How do I split one file into two files using Pytho

2020-04-10 01:25发布

问题:


Want to improve this question? Update the question so it's on-topic for Stack Overflow.

Closed 6 years ago.

I have a file containing some lines of code followed by a string pattern. I need to write everything before the line containing the string pattern in file one and everything after the string pattern in file two:

e.g. (file-content)

  • codeline 1
  • codeline 2
  • string pattern
  • codeline 3

The output should be file one with codeline 1, codeline 2 and file two with codeline 3.

I am familiar with writing files, but unfortunately I do not know how to determine the content before and after the string pattern.

回答1:

If the input file fits into memory, the easiest solution is to use str.partition():

with open("inputfile") as f:
    contents1, sentinel, contents2 = f.read().partition("Sentinel text\n")
with open("outputfile1", "w") as f:
    f.write(contents1)
with open("outputfile2", "w") as f:
    f.write(contents2)

This assumes that you know the exact text of the line separating the two parts.



回答2:

This approach is similar to Lev's but uses itertools because it's fun.

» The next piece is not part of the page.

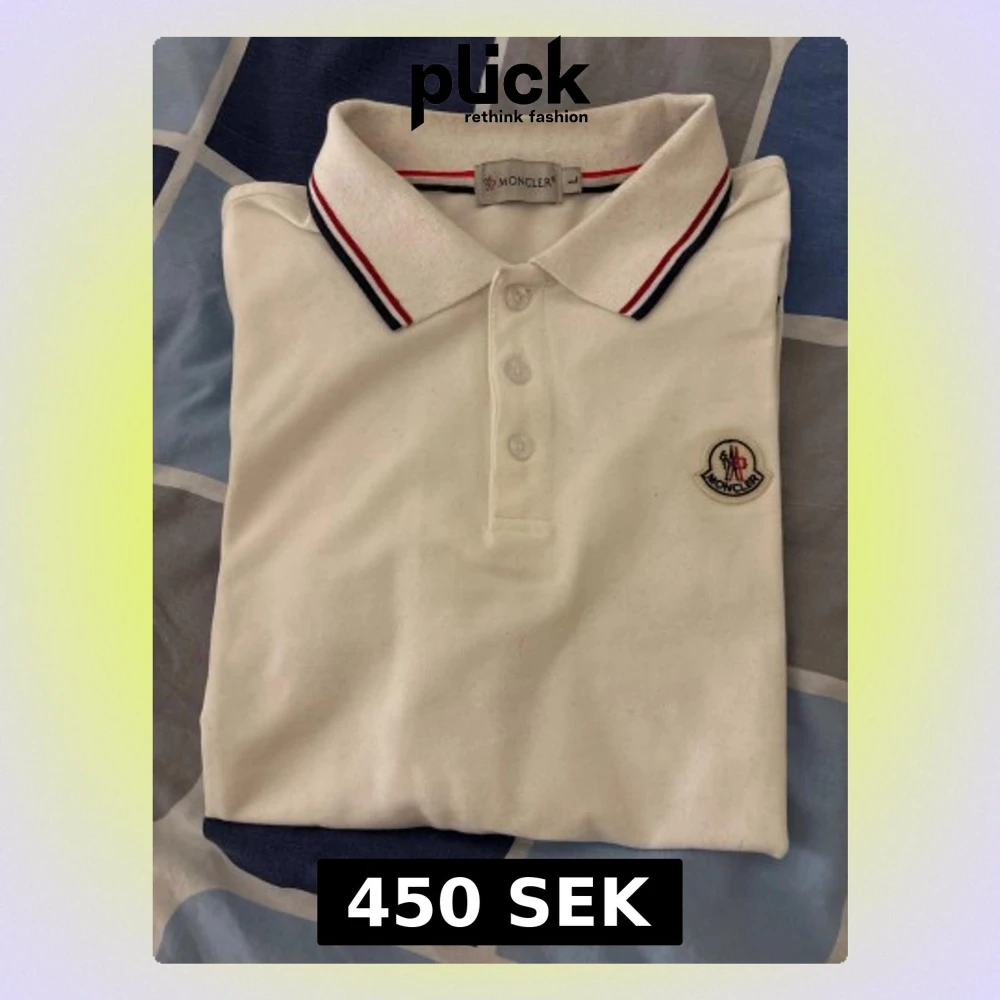 Snygg vit pikétröja från Moncle med klassisk krage och knäppning framtill. Kragen och ärmsluten har stilrena rödblå ränder. Tröjan har Moncler-logga broderad på bröstet och är gjord i mjuk bomull. Perfekt för dig som gillar clean och sportig stil. Strl m men passar även för L

 dont_break = lambda l: l.strip() != 'string_pattern'

 with open('input') as source:
     with open('out_1', 'w') as out1:
         out1.writelines(itertools.takewhile(dont_break, source))
     with open('out_2', 'w') as out2:
         out2.writelines(source)

You could replace the dont_break function with a regular expression or anything else if necessary.



回答3:

with open('data.txt') as inf, open('out1.txt','w') as of1, open('out2.txt','w') as of2:
    outf = of1
    for line in inf:
        if 'string pattern' in line:
            outf = of2
            continue  # prevent output of the line with "string pattern" 
        outf.write(line)

will work with large files since it works line by line. Assumes string pattern occurs only once in the input file. I like the str.partition() approach best if the whole file can fit into memory (which may not be a problem)

Using with ensures the files are automatically closed when you are done, or an exception is encountered.



回答4:

A more efficient answer which will handle large files and consume a limited amount of memory..

inp = open('inputfile')
out = open('outfile1', 'w')
for line in inp:
  if line == "Sentinel text\n":
    out.close()
    out = open('outfile2', 'w')
  else:
    out.write(line)
out.close()
inp.close()


回答5:

A naive example (that doesn't load the file into memory like Sven's):

with open('file', 'r') as r:
    with open('file1', 'w') as f:
        for line in r:
            if line == 'string pattern\n':
                break
            f.write(line)
    with open('file2', 'w') as f:
        for line in r:
            f.write(line)

This assumes that 'string pattern' occurs once in the input file.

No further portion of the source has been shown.